Legal experts urge caution as the government proposes new police powers for dark web takedowns, social media takeovers. Australian privacy, legal, and digital rights organisations have just weeks to comment on proposed federal legislation that would, among other things, let federal investigators take over suspects’ social media accounts as part of investigations into cybercriminal activity on the dark web.
Introduced last month by Home Affairs Minister Peter Dutton, the proposed Surveillance Legislation Amendment (Identify and Disrupt) Bill 2020 (I&D Bill) introduces three new warrants designed to help Australian Federal Police (AFP) and Australian Criminal Intelligence Commission (ACIC) investigators to investigate and disrupt malicious online cybercriminal campaigns.
What the new warrants would allow
The new types of warrants outlined by the Department of Home Affairs include the data disruption warrant allowing investigators to access computers and “perform disruption activities [such as modifying, adding, copying, or deleting data on remote systems] for the purpose of frustrating the commission of criminal activity”.
The network activity warrant would allow AFP and ACIC officers to “collect intelligence” about criminal networks operating online, while the account takeover warrant would allow investigators to take over a person’s online account “for the purpose of gathering evidence of criminal activity”.

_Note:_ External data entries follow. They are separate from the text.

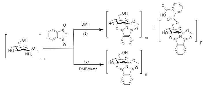 栗田らは、キトサンのアミノ基を保護する際に、5%の水を含むDMF溶液中、120℃で無水フタル酸を用いてPht保護基を導入し、80%を超える収率を達成した。この条件下では、水酸基に影響を与えずにアミノ基を選択的に保護することができる(経路2)。また、栗田らは、純粋なDMF中で反応を行うと、アミノ基と水酸基の両方が保護された副生成物が得られることを明らかにした(経路1)。
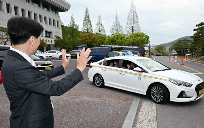 이날 행사는 어르신 60명을 비롯해 자원봉사자 20명, 모범운전자회 회원 30명 등 총 110명이 참여했으며, 택시 20대와 승합차 1대를 이용해 안전하게 진행됐다.
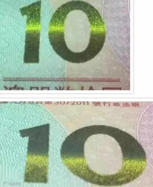 票面中央的面额“10”采用光彩光变油墨。随着观察角度的改变,额字颜色在绿色和金黄色之间交替变化,并可见到一条亮光带上下滚动。这和目前新版人民币的光彩油墨一致,具有较高的防伪水平。
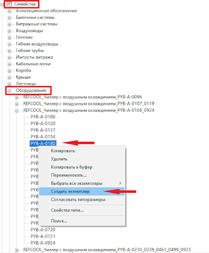 Также можно перейти на любой из видов, в диспетчере проекта во вкладке «Семейства», в категории «Оборудование» кликнуть правой кнопкой мыши на семействе и выбрать «Создать экземпляр», после чего разместить его так, как необходимо.

The new legislation, the government’s explanatory memorandum says, “addresses gaps in the legislative framework to better enable the AFP and the ACIC to collect intelligence, conduct investigations, [and] disrupt and prosecute the most serious of crimes” such as child abuse and exploitation, terrorism, and drug and human trafficking.
Although existing electronic surveillance powers are “useful for revealing many aspects of online criminality”, the memorandum says, they “are not suitably adapted to identifying and disrupting targets where those targets are actively seeking to obscure their identity and the scope of their activities.”
“On the dark web, criminals carry out their activities with a lower risk of identification and apprehension,” the memorandum says, noting that “many anonymising technologies and criminal methodologies can be combined for cumulative effect. … It is technically difficult, and time- and resource-intensive, for law enforcement to take effective action. … Without the critical first step of being able to identify potential offenders, investigations into serious and organised criminality can fall at the first hurdle.”
Australia’s increasingly intrusive laws raise concerns
Australian authorities have long invoked the spectre of online child abuse to justify increasingly intrusive laws in areas such as telecommunications data retention and the mandatory decryption of encrypted communications, as embodied in the troubled Telecommunications Legislation Amendment (Assistance and Access) (TOLA) Act 2018.
Between July 2018 and September 2020, Dutton said in his speech introducing the legislation, AFP investigations have led to 302 arrests and the removal of 229 children—including 113 in Australia and 116 overseas—from harm.
Despite this, the government’s Australian Centre to Counter Child Exploitation (ACCCE)—which has intercepted more than 250,000 child abuse files in the previous 12 months—had noted a 163% year-on-year increase in downloads of child-abuse material from dark websites during the June 2020 quarter. The AFP received 17,905 reports of child exploitation in 2018, with each potentially containing hundreds or thousands of images and videos.
“This bill will allow the AFP and ACIC to shine a light into the darkest recesses of the online world and hold those hiding there to account”, Dutton said.
Observers were quick to call for caution around the new legislation’s operation, with the Law Council of Australia warning that the “extraordinary” proposed powers provided unprecedented powers for authorities “to engage in offensive cyberactivities and online account takeovers.”
Law Council president Pauline Wright called for close examination of the stated operational case, criteria, thresholds, and process for issuance of warrants, and called for arrangements for independent oversight and review. “There must not be any repetition of the regrettable circumstances that led to the rushed passage of the TOLA,” she said, “where multiple post-enactment reviews of that legislation identified a need for major amendments to fix numerous, serious defects.”
An analysis by law firm Herbert Smith Freehills noted that Australia’s “complex web of overlapping regulations” was due for an overhaul in the wake of the recent Richardson Report, which concluded that the “undue complexity, and lack of inbuilt transparency and oversight” meant Australia’s intelligence-gathering legislation should be thrown out and completely rewritten.
“Even if the Surveillance Bill passes Parliament in its current form, it is likely that this will be further captured and refined as part of these reform processes,” the firm’s analysis noted. “This would be cause for significant concern amongst industry participants, and reinforces the need to engage consistently with the government consultation process in the coming years to ensure that the electronic surveillance legislation in Australia is appropriate, internally consistent and coherent, and adapted to the risks that it seeks to address.”
Submissions to the enquiry are due by 12 February, with Dutton asking the Parliamentary Joint Committee on Intelligence and Security to deliver its report by early March.